Sermons

Summary: As a nation we are abandoning the moral law written into our hearts by God. It’s almost too much to hear it without weeping.

Nineteenth Sunday in Course Year A 2023

St. Paul had a big problem. He’s putting together the first real systematic theology of salvation in his letter to the Church at Rome, but he’s run into a wall. Paul is a Jew, an observant Jew, but he has come to believe in Jesus as Son of God and Messiah of Israel. When he comes to a new town, he goes to the synagogue on Sabbat and usually preaches, delving back into Torah and the prophets to show the love of God, but then claiming Jesus is the looked for Messiah. His listeners sometimes believe–these are usually Gentiles who believe in the One God–but oftentimes do not. After all, Paul is preaching that a Galilean carpenter executed for treason by the Romans is the promised One of God? Jesus violated every Jewish expectation. He was supposed to be victorious over the Romans, not to be tried and put to death. It was all too much. And it was too easy to deny the many miracles of Christ, even His resurrection, because Paul’s listeners had not experienced any of that themselves. Paul’s problem: the very people Jesus came to save first of all generally would not believe and enter His Church.

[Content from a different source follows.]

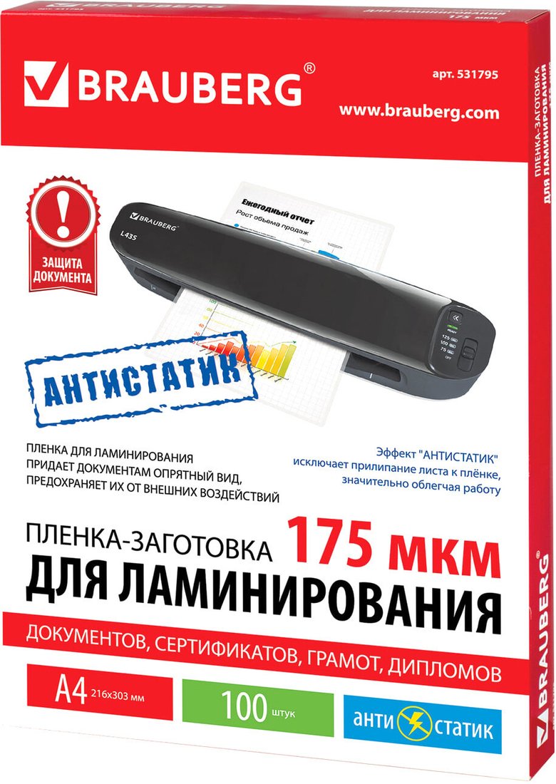 Пленка для ламинирования BRAUBERG Brauberg А4 175 мкм 100 шт 531795 (глянцевый, прозрачный)

That caused much sadness in the apostle’s heart. I understand myself. As an American of Irish descent, son of countless generations of Irish Catholics, I read all the time of the apostasy of Ireland’s citizens, essentially abandoning their Christian heritage. A people whose fidelity to faith ultimately reconverted the barbarians of Europe to Christ is adopting contraception and abortion and has largely abandoned the practice of the faith.

And we all can feel something like Paul’s feelings about our own country. The abortion business people are picking off the states one-by-one. They circulate a vague petition, get on the ballot, and then get 50% plus one vote to codify baby-killing before birth into the state constitution. As a nation we are abandoning the moral law written into our hearts by God. It’s almost too much to hear it without weeping.

Thus was Elijah; thus were the apostles. Elijah is running from government assassins. He is on the mountain, but it’s taken forty days of desert wandering to get there. He is waiting for God to reveal Himself. The apostles are in a boat–that’s the symbol of the Church in the NT–and a storm threatens to swamp them. Elijah does not hear God in fire, earthquake and tornado. No, but in almost silence. The apostles find God to be present in their leader, their rabbi, walking on the water. In chaos, we are prone to run around madly looking for something like a fire hose. But Christ is not a fire hose. He is the very presence of God in our midst, and He usually speaks to us very quietly. “Peace, be still,” He commands the wind and waves and our own minds and hearts. Let’s listen to Him always, not just in crises.